Over the past year, Sinyangwe and a team of volunteers have launched other sites. CheckThePolice.org is a still-developing registry of police union contracts, in effort to examine how police departments investigate themselves and hold their officers accountable. There’s also ProtesterProgress.org, which details the movement’s gains and victories, in terms of public opinion polls, legislation, and other wins.
And there certainly have been victories.
Sinyangwe, McKesson, and Gormon all say that people are much more politically engaged and aware, both in the St. Louis area and across the nation.
“There’s a new political community,” McKesson said. “People came together…a new community was born, with all the joy and drama of a family. That is a seemingly simple thing, but powerful.”
In Ferguson and other places, voter turnout and informed civic participation is up. The Justice Department has issued two reports on the area’s systematic racism, discrimination, and civil rights violations. And several states have passed laws addressing police conduct and accountability.
But much has remained the same. McKesson said the Ferguson Police Department has gotten worse. Gormon adds that most of the officials involved in allowing Darren Wilson to evade justice are still in place. And although police killings have declined since the movement began, police have killed 320 Black people over the past year; of the unarmed Black people killed in 2014, six were younger than 18 years old.

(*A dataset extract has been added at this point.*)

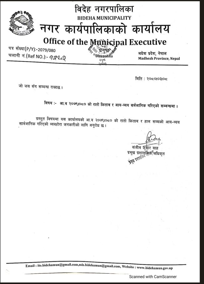 आ.व. २०७९/०८० काे राताे किताब र आय-व्यय सार्वजनिक गरिएकाे सम्बन्धमा ।

Over the weekend, many cities remembered Michael Brown with ceremonies, rallies, activism, religious services, and community service.
“A year isn’t enough time – we’re still in the throes of it. With everything that we’re dealing with…all the Black people that have died in police custody, recently – it’s just a lot,” Gormon said. “The trauma has not stopped. It’s weird how it just feels like one long day.”
Those on the ground have an eye toward the future.
Sinyangwe wants to create a database that analyzes police departments’ policies and procedures against their homicide rates to see what the best department policies are in preventing police violence.
“And developing a misconduct database of police officers would be huge, because again with these union contracts, a lot of times the records are expunged after a certain time,” he added. “A lot of these officers have committed the same sorts of brutality in the past, but they’re not being held accountable for that [and] they’re being rehired.”
McKesson believes that the next step is figuring out how to use new tools and collective voice to end police violence.
“We are all close to trauma in Blackness – in many ways we’re all on the frontline,” he said, giving thanks for his friends and stating that all Black people should practice self-care, regardless of their level of activism.
“I believe that we will win. I don’t know what that looks like. I want to believe that the police may look back, and might reflect on their role, but I have no indication that that will happen. I am tired, but not weary. The same spirit that began this movement in August and sustains it is the same spirit that I know will be pivotal to us.”